Sally Ride, the first American woman in space, has passed away. She was 61 years old.
In addition to her historic career as an astronaut, Ride helped write seven science books for kids, including: To Space and Back, Voyager; The Mystery of Mars and Mission Save the Planet. You can find all her books at this link. Here’s more from her biography:
In August 1979, after a yearlong training and evaluation period, Sally became eligible for assignment as an astronaut on a space shuttle flight crew. She was selected as a mission specialist for mission STS-7 aboard the shuttle Challenger. When Challenger blasted off from Kennedy Space Center, Florida, on June 18, 1983, Sally soared into history as the first American woman in space. “The thing that I’ll remember most about the flight is that it was fun,” said Sally. “In fact, I’m sure it was the most fun I’ll ever have in my life.”

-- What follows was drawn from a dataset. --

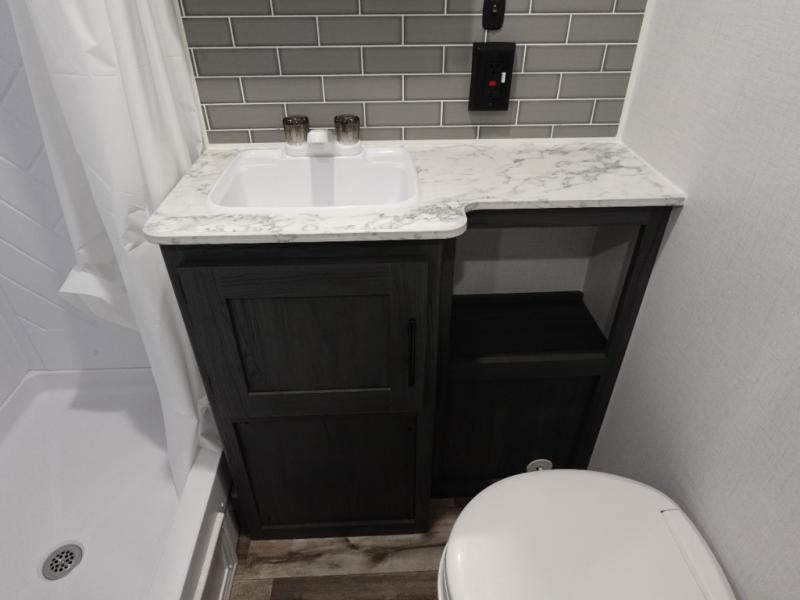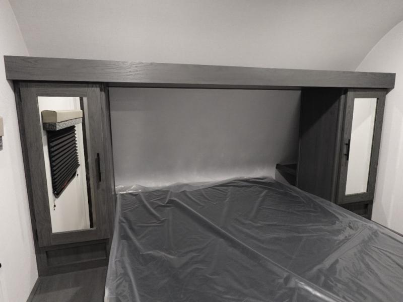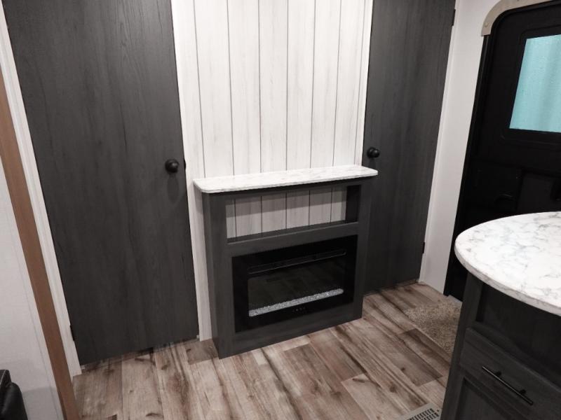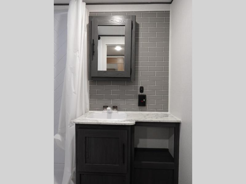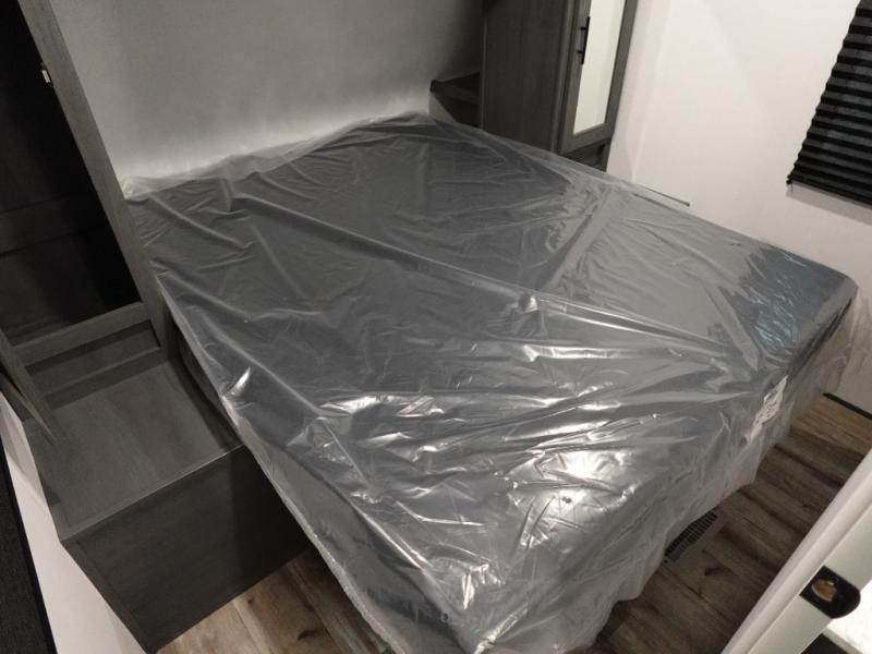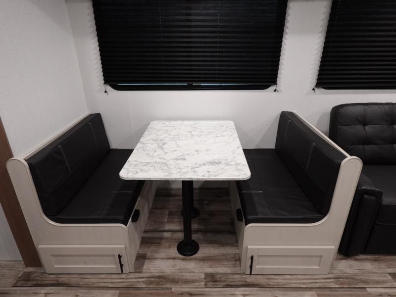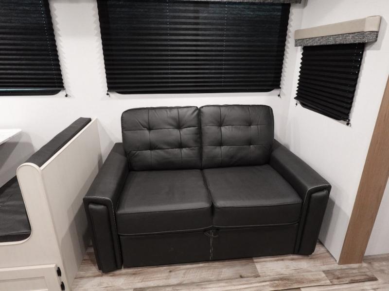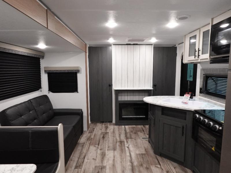The private bunkhouse might be the main reason you chose this trailer or maybe it was the spacious interior, either way you will enjoy camping with your family and friends every chance you get. The bunkhouse offers triple bunk beds and a sofa, allowing four people to sleep in privacy. You will have your own bedroom up front to sleep on a residential queen bed with dual access, closets and windows to enjoy the campsite view. The full bathroom offers convenience, and the large slide out offers more floor space to move about. There is a booth dinette and jackknife sofa to relax on as well as provide more sleeping space for friends and family. The cook will have full amenities including a three burner range top, a galley sink with high rise faucet, plus a 10 cu. ft. 12V refrigerator to store the cold items.

In 2001, the astronaut founded Sally Ride Science to continue her outreach to children. The company’s goal was to encourage “young girls and boys to stick with their interests in science and to consider pursuing careers in science, technology, engineering, and math.” She created two educational programs, EarthKAM and GRAIL MoonKAM–NASA-funded projects aimed at middle school students.
Editor’s note: An earlier version of this post incorrectly identified Ride as the first woman in space.